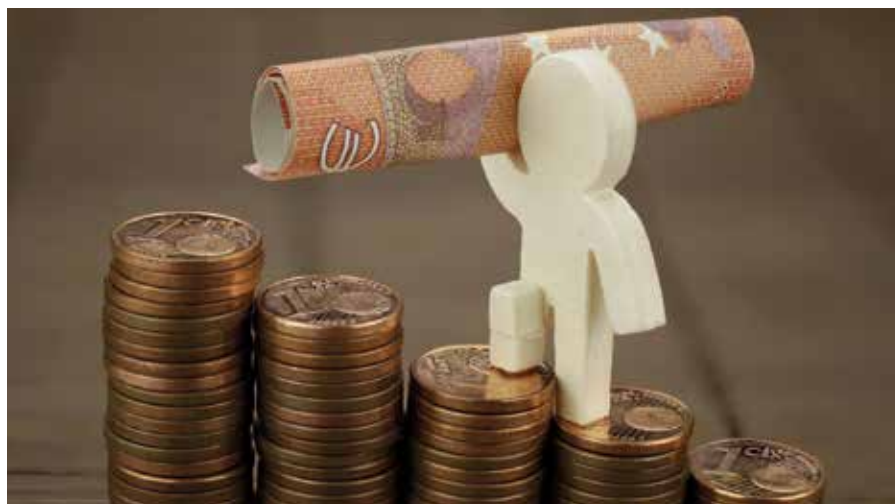
Das neue Aufstiegs-BAföG: Förderung für die berufliche Karriere
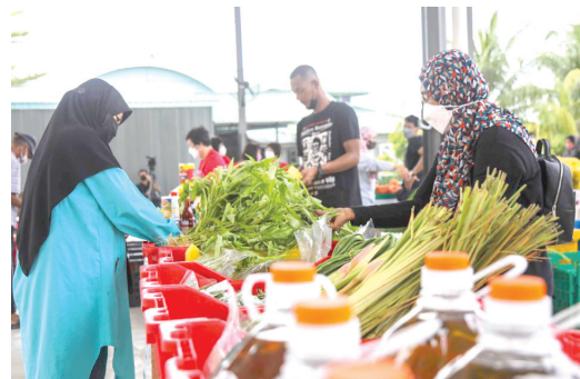
இதனிடையே, நெகிரி செம்பிலான் மாநிலத்தின் கிம்மாஸ் மற்றும் சிலாங்கூரின் கோலா லங்காட் செலாத்தான் பகுதிகளில் மேற்கொள்ளப்படவுள்ள சோள பயிரீட்டுத் திட்டம், மாநில அரசின் உணவுப் பொருள் விலைக்கட்டுப்பாட்டுத் திட்டத்தின் ஒரு பகுதியாக அமைவதாகவும் அமிருடன் குறிப்பிட்டார்.

அமல்படுத்தப்பட்டது. எனினும், உணவு விநியோகம் மற்றும் இறக்குமதி செய்யப்படும் உணவுப் பொருள்களை சார்ந்திருப்பதை தவிர்ப்பது குறித்து நாம் விரிவாக ஆலோசிக்க வேண்டியுள்ளது என்று அவர் மேலும் தெரிவித்தார்.
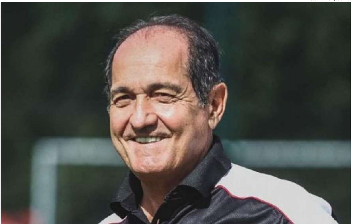
Muricy tem histórico recente de problemas de saúde e não quer se desgastar

dezembro do ano passado justamente porque passou por uma cirurgia no joelho esquerdo. Terá, também, de ser submetido a um outro procedimento no joelho direito. Rafinha é bem avaliado pela diretoria e pode se tornar o novo coordenador são-paulino. Em entrevista ao Estadão revelou que tinha recebido propostas para começar uma nova carreira fora do campo e pretendia aceitar alguma das ofertas no início deste ano. “Posso dizer que estão vindo grandes possibilidades”, limitou-se a dizer Rafinha. “Auxiliar é bacana, diretor esportivo seria bacana também porque tenho liderança, sei falar a língua dos jogadores, aprendi muito no futebol europeu, tenho muito pra compartilhar”. Rafinha, de 40 anos, foi capitão durante a maior parte de sua passagem de três temporadas pelo São Paulo. Em 2023, teve papel importante no título da Copa do Brasil. “O pessoal sabe o que posso acrescentar nos clubes. Às vezes chega clube da primeira divisão, é difícil falar toda hora ‘não’. Uma hora tenho que falar ‘sim’, tenho que encarar. Provavelmente em janeiro vou estar de volta ao futebol”, acrescentou o ex-jogador.
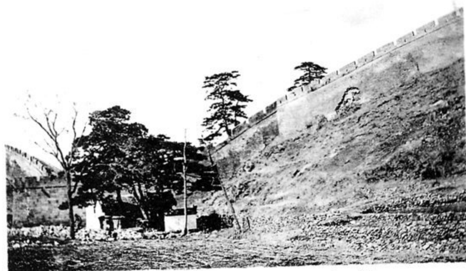
Tempel zwischen den Mauern des Forts
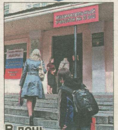
В день голосования
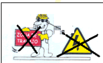
1. Retirar señalización de la zona de trabajo
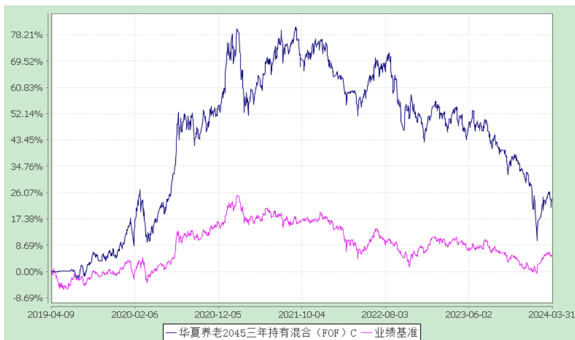
华夏养老 2045 三年持有混合（FOF）Y:
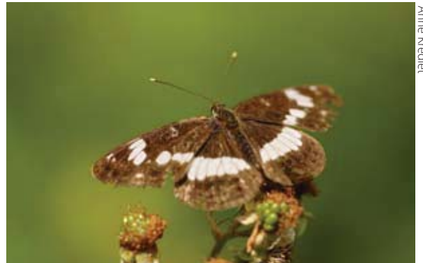
De kleine ijsvogelvinder.

"Enig ongeloof zaaide ik wel, tussen de klasgenoten. De doorsnee scholier is zeer vaardig met computer en games, blinkt uit op het hockey- en tennisveld, of kent alle typen auto's uit het blote hoofd. En tussen alle onderwerpen, van aerodynamica tot racisme, van tuinarchitectuur tot mode, stond ook 'De kleine ijsvogelvinder in het Leusveld'. Van Anne Krediet, die noch toetsenbord, noch tenniseracket, maar het vlindernetje hanteert. En die niet een Mercedes van een BMW, maar wel een trapeziumuil van een zwarte c-uil kan onderscheiden".
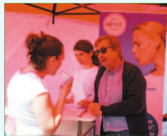
Opération de prévention à Arcachon

Les pharmaciens se mobilisent aussi et organisent ici et là des semaines de repérage de la BPCO. Ce fut le cas dans le Languedoc-Roussillon en 2010 où 82 officines ont répondu présentes pour effectuer des tests de mesure du souffle à la demande de leur Ordre. Plus récemment, des pharmaciens membres de groupements ont organisé des formations pour mieux dépister la BPCO. Une convention a également été signée en 2014 entre la Mutualité française et le réseau des officines pour une vaste opération de détection menée sur 15 territoires dans trois grandes régions (Nord, Bretagne et Rhône-Alpes) et dans 150 pharmacies. 825 mesures du souffle ont ainsi pu être réalisées auprès des adhérents des mutuelles partenaires de l'opération. Ces quelques exemples illustrent la volonté des professionnels de s'engager
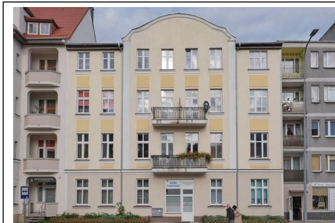
Widok na elewację frontową od strony południowo-zachodniej
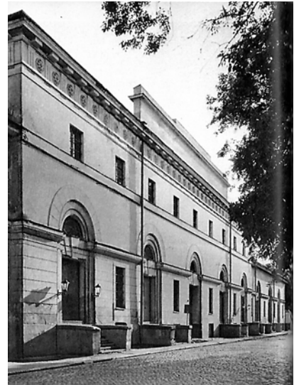
Ryc.16. Arsenal, Ryga. J.E. de Witte, 1790. Stan z 1980 Fig.16. Arsenal, Riga. J.E. de Witte, 1790. State from 1980
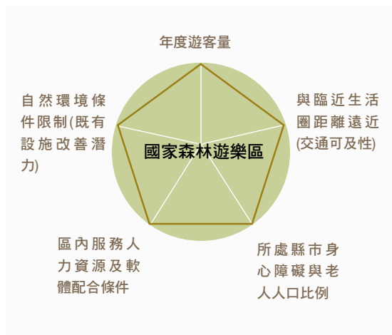
圖2 國家森林遊樂區無障礙設施改善條件評估指標架構

※

- _Problem details_
Using the material above, return each line in which the word "ijsvogelvinder" occurs.

- _Result for this exercise_
De kleine ijsvogelvinder.
"Enig ongeloof zaaide ik wel, tussen de klasgenoten. De doorsnee scholier is zeer vaardig met computer en games, blinkt uit op het hockey- en tennisveld, of kent alle typen auto's uit het blote hoofd. En tussen alle onderwerpen, van aerodynamica tot racisme, van tuinarchitectuur tot mode, stond ook 'De kleine ijsvogelvinder in het Leusveld'. Van Anne Krediet, die noch toetsenbord, noch tenniseracket, maar het vlindernetje hanteert. En die niet een Mercedes van een BMW, maar wel een trapeziumuil van een zwarte c-uil kan onderscheiden".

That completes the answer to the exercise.